■ Try it: For any picture in the lines below, please leave it out and copy the rest exactly.

■ Material provided:
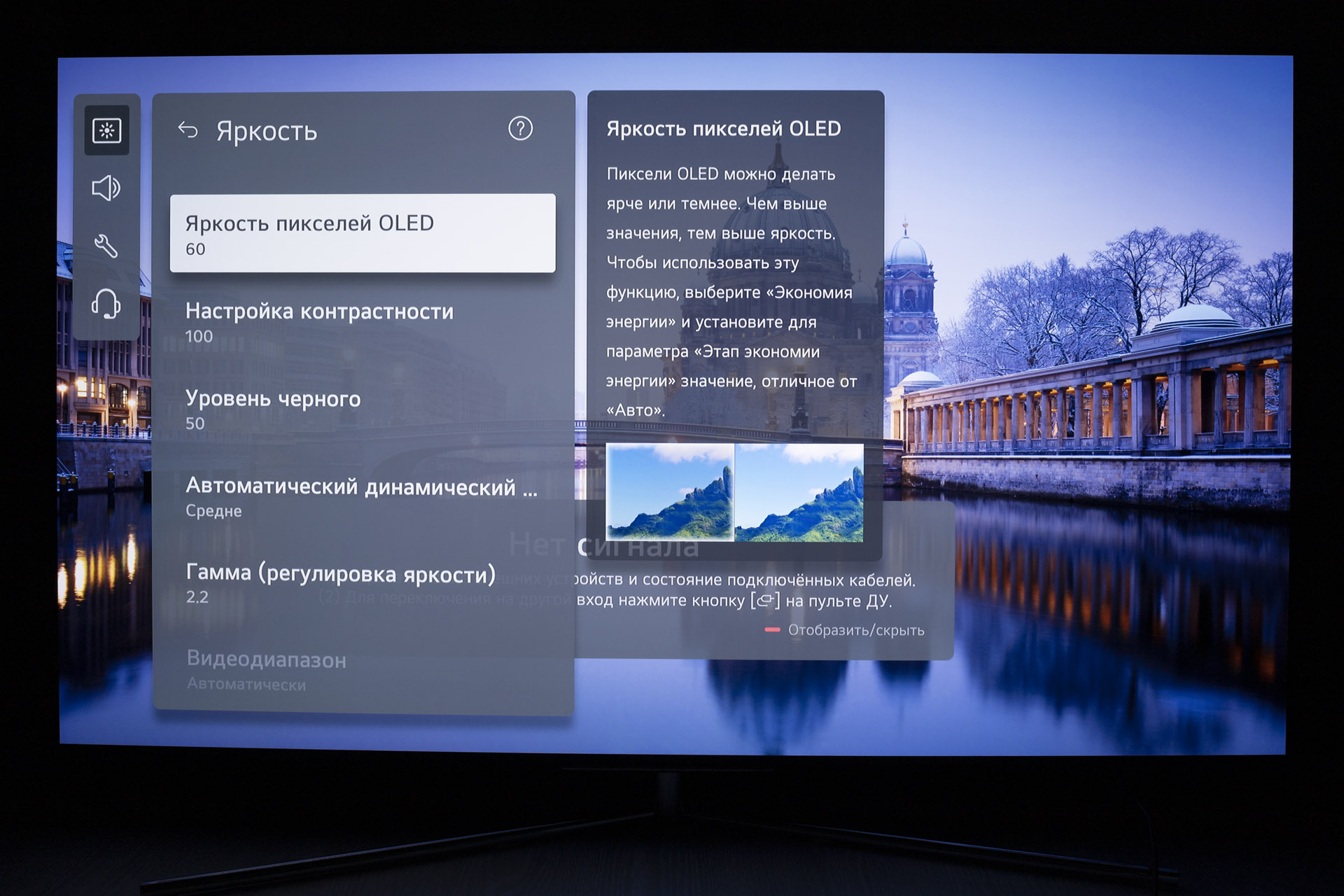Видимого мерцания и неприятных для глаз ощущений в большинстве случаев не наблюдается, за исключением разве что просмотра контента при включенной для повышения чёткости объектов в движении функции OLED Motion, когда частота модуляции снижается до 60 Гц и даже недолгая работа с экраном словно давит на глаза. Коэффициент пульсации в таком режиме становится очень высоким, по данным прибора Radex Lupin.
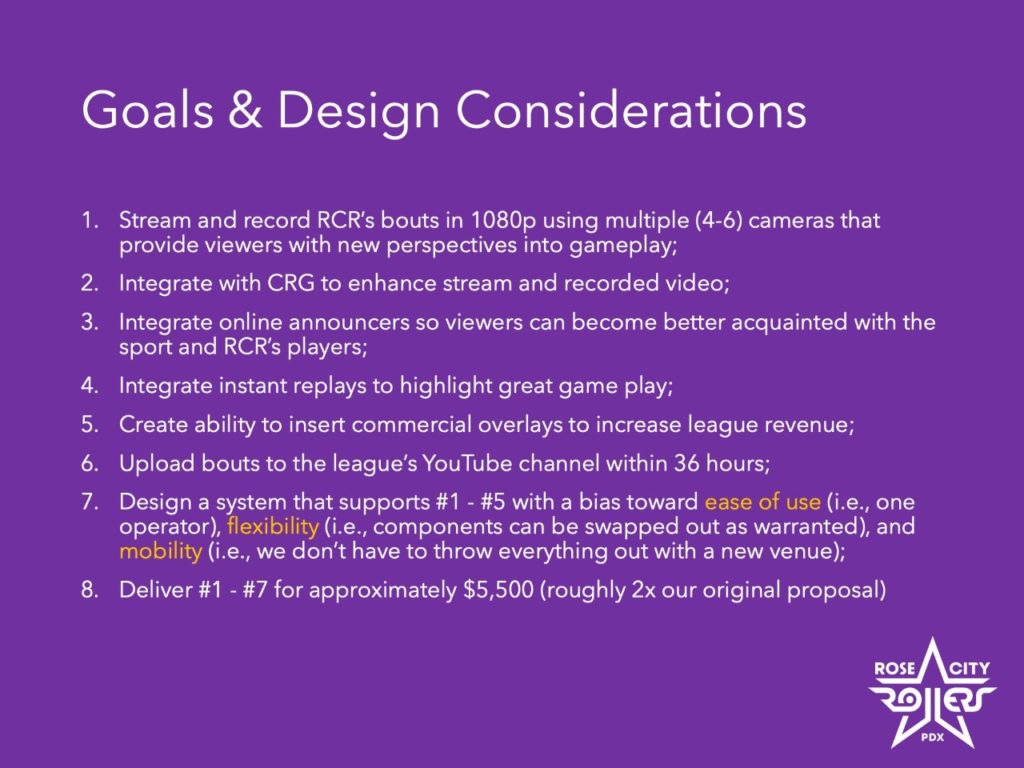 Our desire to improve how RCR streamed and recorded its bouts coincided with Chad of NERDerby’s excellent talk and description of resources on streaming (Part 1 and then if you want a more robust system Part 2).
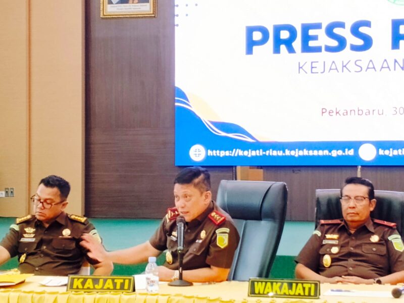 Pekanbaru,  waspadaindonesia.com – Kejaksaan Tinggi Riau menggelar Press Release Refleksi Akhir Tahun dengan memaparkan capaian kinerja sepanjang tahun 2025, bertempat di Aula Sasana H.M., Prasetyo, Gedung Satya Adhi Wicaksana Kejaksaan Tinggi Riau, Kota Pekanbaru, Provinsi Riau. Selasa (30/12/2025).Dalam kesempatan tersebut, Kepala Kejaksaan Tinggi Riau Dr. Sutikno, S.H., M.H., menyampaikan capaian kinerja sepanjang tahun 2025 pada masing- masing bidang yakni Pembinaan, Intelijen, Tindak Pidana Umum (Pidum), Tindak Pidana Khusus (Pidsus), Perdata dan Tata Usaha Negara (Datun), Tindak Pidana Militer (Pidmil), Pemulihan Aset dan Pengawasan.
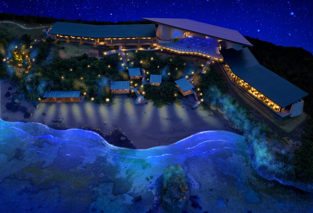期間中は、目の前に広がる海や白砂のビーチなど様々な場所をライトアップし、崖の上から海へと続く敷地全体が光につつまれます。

■ Task response:
Видимого мерцания и неприятных для глаз ощущений в большинстве случаев не наблюдается, за исключением разве что просмотра контента при включенной для повышения чёткости объектов в движении функции OLED Motion, когда частота модуляции снижается до 60 Гц и даже недолгая работа с экраном словно давит на глаза. Коэффициент пульсации в таком режиме становится очень высоким, по данным прибора Radex Lupin.
 Our desire to improve how RCR streamed and recorded its bouts coincided with Chad of NERDerby’s excellent talk and description of resources on streaming (Part 1 and then if you want a more robust system Part 2).
 Pekanbaru,  waspadaindonesia.com – Kejaksaan Tinggi Riau menggelar Press Release Refleksi Akhir Tahun dengan memaparkan capaian kinerja sepanjang tahun 2025, bertempat di Aula Sasana H.M., Prasetyo, Gedung Satya Adhi Wicaksana Kejaksaan Tinggi Riau, Kota Pekanbaru, Provinsi Riau. Selasa (30/12/2025).Dalam kesempatan tersebut, Kepala Kejaksaan Tinggi Riau Dr. Sutikno, S.H., M.H., menyampaikan capaian kinerja sepanjang tahun 2025 pada masing- masing bidang yakni Pembinaan, Intelijen, Tindak Pidana Umum (Pidum), Tindak Pidana Khusus (Pidsus), Perdata dan Tata Usaha Negara (Datun), Tindak Pidana Militer (Pidmil), Pemulihan Aset dan Pengawasan.
期間中は、目の前に広がる海や白砂のビーチなど様々な場所をライトアップし、崖の上から海へと続く敷地全体が光につつまれます。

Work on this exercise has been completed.